Federal judge restructures voting districts in county

Voting districts in San Juan County have been restructured by a federal judge.
The new boundaries create voting districts that maintain a Native American majority in two of the three commission districts and three of the five school board districts.
Commission and school board elections using the new boundaries are scheduled to take place for all eight voting districts in November, 2018.
On December 21, Federal Judge Robert Shelby signed the orders which approved the new voting boundaries.  It is the latest action that results from voting rights lawsuits filed against San Juan County by the Navajo Nation.

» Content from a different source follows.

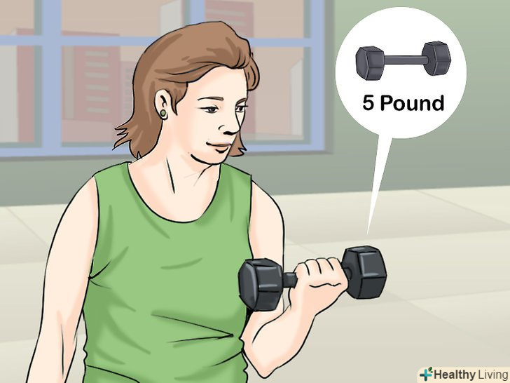 Почніть з гантель, якщо ви хочете наростити великі і масивні м'язи, або використовуйте трубчасті еспандери, щоб розвинути щільні і міцні м'язи. Якщо у вас слабка підготовка, ви можете почати з ваги від 1 до 4 кг, або ваги, який ви можете піднімати 8-12 разів по 2-3 підходи. Якщо Ви користуєтеся трубчастими еспандерами, почніть з еспандерів з легким або середнім рівнем опору.

Shelby’s orders follow the recommendations of Dr. Bernard Grofman, a voting district expert from the University of California Irvine.
Grofman had been hired as a “Special Master” to redraw the voting district boundaries after Shelby ruled earlier that the existing voting district boundaries were unconstitutional.
It is expected that San Juan County will file an appeal of the ruling.
Grofman submitted a final recommendation after making minor adjustments to his preliminary recommendations.  The changes place each of the eight incumbents in separate voting districts.
Having new-found power at the polls will be local Native Americans, who now make up the majority of voters in two of the three commission districts and three of the five school board districts.
The 2010 Census shows Native Americans make up 50.4 percent of the total population in San Juan County.  Despite having a narrow majority of residents, Native American officials have never had a majority of seats on the Commission or school board.
Residents of the Blanding area are split between all three Commission districts, with Blanding City residents making up 24 percent of district 1 (currently represented by Bruce Adams) and 43 percent of district 2 (currently represented by Phil Lyman).
It is estimated that approximately 30 percent of Blanding area residents are Native Americans.
There are approximately 1,000 Blanding area residents who live outside of city limits. Generally, areas south and east of Blanding city limits are in district 3 (currently represented by Rebecca Benally). Areas west of Blanding city limits are generally in district 2, while areas northeast of Blanding city limits are in district 1.
District boundaries for the school board are similar in many respects to the current boundaries, with two districts that are predominantly Native American, two districts with a Native American minority, and a swing district that is 65.1 percent Native American. 
The swing district includes southern Blanding and White Mesa and extends all the way to the Arizona border near Mexican Water.  Bluff is not in the swing district boundaries.